Foto: Republika/Andrian Saputra
Peserta Aksi Bela Palestina dari Pemuda Pasar Kliwon meginjak bendera Israel sambil membentangkan bendera Palestina. Hal ini sebagai bentuk kekesalan atas agresi militer Israel yang semakin meningkat pasca pernyataan Presiden Amerika Donald Trump pada Jumat (15/12).

REPUBLIKA.CO.ID, JAKARTA -- Keputusan kontroversial dari salah seorang pemimpin negara Donald Trump datang pada 6 Desember lalu. Presiden Amerika Serikat (AS) itu secara sepihak mengakui Yerusalem adalah Ibu Kota Israel.

Pria berusia 71 tahun itu juga mengatakan rencana AS segera memulai proses pemindahan kedutaan besar yang saat ini berada di Tel Aviv. Trump mengajak negara-negara lainnya mengambil langkah yang sama.

Bahkan menurut Trump, keputusan mengakui Yerusalem sebagai Ibu Kota Israel telah menandai dimulainya pendekatan atas penyelesaian konflik Israel dan Palestina. AS akan terus berupaya mengejar kesepakatan damai antara kedua belah pihak, sesuai dengan peranan negara ini sebagai mediator.

Yerusalem telah menjadi kota suci bagi tiga agama yang berbeda, yaitu Yahudi, Kristen, dan Islam. Bagi Palestina, Yerusalem bagian timur telah dianggap sebagai Ibu Kota negara itu di masa depan.

Melalui solusi dua negara yang menjadi upaya perdamaian antara Palestina dan Israel, konflik dapat terselesaikan dengan pembagian teritori seperti yang telah didukung oleh Perserikatan Bangsa-Bangsa (PBB). Palestina akan menjadi negara merdeka dan memiliki teritori di Tepi Barat, Jalur Gaza, dan Yerusalem Timur.

Meski demikian, Israel justru menetapkan kebijakan pembangunan permukiman Yahudi di sejumlah wilayah tersebut setelah perang pada 1967. Israel juga secara jelas menginginkan Palestina tidak pernah berdiri sebagai sebuah negara merdeka dan hanya menjadi daerah otonomi di bawah administrasi mereka.

Karena itu, PBB kemudian mengeluarkan resolusi yang menentang pembangunan permukiman oleh Israel di wilayah konflik dengan Palestina. Resolusi ini diadopsi untuk pertama kalinya pada 1979.

Tak ketinggalan kali ini dalam upaya terus membela Palestina, banyak negara-negara anggota PBB yang mendukung resolusi menentang keputusan Trump. Dalam sidang darurat Majelis Umum pada 21 Desember lalu, ada 128 negara yang mendukung resolusi menolak keputusan kontroversial yang diumumkan Trump. Hanya ada sembilan negara yang menetang resolusi tersebut, serta 35 lainnya memilih abstain.

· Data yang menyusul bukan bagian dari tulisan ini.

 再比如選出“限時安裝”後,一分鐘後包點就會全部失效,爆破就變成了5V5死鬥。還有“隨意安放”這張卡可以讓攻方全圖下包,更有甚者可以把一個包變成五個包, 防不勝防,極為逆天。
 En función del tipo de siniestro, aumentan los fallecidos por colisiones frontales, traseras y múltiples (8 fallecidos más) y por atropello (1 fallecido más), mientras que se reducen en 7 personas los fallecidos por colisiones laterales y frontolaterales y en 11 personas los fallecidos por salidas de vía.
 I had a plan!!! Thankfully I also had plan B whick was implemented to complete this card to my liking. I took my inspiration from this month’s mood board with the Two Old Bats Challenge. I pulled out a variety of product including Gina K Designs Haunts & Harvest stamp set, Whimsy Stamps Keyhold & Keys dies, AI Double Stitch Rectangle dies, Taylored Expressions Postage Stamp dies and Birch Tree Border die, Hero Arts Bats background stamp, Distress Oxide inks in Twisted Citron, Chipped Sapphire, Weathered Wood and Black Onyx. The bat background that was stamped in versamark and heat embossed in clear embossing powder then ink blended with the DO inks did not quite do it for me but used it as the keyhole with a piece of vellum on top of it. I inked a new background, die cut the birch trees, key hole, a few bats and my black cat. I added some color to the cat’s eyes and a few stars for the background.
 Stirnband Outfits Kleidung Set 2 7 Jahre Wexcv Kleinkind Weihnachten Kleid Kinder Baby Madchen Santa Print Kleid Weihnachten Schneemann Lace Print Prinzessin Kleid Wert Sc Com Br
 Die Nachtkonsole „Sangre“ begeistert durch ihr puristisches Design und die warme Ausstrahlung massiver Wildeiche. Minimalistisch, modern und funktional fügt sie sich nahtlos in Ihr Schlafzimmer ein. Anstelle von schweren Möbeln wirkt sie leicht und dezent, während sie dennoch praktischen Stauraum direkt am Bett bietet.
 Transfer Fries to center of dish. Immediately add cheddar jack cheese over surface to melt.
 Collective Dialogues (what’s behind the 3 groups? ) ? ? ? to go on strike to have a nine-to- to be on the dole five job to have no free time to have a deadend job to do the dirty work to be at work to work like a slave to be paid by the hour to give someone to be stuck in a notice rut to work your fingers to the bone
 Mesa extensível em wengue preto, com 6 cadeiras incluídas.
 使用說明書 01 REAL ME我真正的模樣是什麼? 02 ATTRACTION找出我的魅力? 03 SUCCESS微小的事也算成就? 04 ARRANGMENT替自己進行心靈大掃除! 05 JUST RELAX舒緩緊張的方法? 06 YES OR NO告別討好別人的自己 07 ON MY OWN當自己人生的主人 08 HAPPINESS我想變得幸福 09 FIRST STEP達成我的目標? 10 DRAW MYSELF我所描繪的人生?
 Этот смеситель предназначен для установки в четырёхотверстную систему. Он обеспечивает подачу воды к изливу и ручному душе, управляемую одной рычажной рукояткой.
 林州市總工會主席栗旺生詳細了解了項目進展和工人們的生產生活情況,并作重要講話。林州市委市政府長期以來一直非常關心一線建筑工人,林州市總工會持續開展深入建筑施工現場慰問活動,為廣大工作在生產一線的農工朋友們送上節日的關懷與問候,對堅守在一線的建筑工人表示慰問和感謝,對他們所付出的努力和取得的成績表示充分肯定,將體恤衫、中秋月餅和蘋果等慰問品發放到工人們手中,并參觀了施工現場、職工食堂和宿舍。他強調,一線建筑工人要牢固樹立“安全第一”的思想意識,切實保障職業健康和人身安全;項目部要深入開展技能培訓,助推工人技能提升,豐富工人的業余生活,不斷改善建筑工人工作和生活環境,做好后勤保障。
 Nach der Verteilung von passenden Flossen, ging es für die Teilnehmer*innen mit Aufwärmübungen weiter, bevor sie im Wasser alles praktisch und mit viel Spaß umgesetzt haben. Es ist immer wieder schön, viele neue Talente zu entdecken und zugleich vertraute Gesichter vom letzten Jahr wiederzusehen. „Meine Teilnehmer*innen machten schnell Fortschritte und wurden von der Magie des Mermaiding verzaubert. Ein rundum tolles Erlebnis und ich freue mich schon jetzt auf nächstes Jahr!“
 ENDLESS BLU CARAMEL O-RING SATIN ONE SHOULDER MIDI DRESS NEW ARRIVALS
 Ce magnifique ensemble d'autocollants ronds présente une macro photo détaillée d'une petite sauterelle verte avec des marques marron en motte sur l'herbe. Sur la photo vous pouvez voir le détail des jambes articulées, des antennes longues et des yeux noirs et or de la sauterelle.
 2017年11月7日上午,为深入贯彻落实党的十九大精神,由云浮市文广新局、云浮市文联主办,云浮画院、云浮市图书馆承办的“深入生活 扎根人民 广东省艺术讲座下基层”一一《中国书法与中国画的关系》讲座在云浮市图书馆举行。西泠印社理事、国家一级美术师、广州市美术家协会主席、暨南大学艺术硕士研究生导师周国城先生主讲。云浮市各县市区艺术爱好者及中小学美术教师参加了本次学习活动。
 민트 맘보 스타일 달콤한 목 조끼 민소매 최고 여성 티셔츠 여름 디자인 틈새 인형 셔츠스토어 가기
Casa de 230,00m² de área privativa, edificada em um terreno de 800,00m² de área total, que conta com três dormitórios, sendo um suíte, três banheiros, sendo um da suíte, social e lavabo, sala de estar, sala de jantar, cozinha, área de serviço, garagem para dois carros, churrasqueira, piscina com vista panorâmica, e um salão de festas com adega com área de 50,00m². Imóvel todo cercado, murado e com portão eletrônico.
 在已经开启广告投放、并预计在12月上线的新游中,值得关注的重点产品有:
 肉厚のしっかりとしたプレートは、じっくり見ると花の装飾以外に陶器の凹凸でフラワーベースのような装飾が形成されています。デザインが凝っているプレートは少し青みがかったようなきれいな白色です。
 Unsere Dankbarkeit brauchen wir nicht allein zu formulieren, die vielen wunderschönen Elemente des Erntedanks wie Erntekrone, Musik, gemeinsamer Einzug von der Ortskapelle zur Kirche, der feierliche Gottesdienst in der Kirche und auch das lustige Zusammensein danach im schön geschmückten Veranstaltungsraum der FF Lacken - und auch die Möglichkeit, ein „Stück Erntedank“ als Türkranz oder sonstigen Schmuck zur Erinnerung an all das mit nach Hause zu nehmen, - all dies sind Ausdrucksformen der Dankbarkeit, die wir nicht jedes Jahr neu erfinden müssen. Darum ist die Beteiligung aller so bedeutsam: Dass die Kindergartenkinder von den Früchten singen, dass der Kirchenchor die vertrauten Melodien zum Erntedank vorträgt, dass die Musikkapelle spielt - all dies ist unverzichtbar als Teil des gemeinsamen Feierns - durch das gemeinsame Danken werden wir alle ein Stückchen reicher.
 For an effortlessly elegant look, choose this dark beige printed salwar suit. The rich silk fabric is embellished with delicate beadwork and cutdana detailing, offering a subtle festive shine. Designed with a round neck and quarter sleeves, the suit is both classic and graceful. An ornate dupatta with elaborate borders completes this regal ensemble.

Trump kemudian nampaknya merasa tersudutkan. Ia membuat ancaman memutuskan bantuan keuangan kepada negara-negara yang mendukung resolusi PBB tersebut.

Duta Besar AS untuk PBB Nikki Haley memperingatkan negara-negara anggota PBB Trump telah memintanya melaporkan siapa saja yang menyetujui resolusi tersebut. Ia memberi peringatan dalam sebuah surat agar negara-negara itu mengetahui pemungutan suara atas status Yerusalem dipandang sebagai hal pribadi.

Kementerian Luar Negeri RI memberikan pernyataan terkait hasil pemungutan suaran Majelis Umum PBB atas Yerusalem. Tanah Air menyambut baik hasil voting yang menunjukkan mayoritas negara di dunia mendukung perjuangan rakyat Palestina.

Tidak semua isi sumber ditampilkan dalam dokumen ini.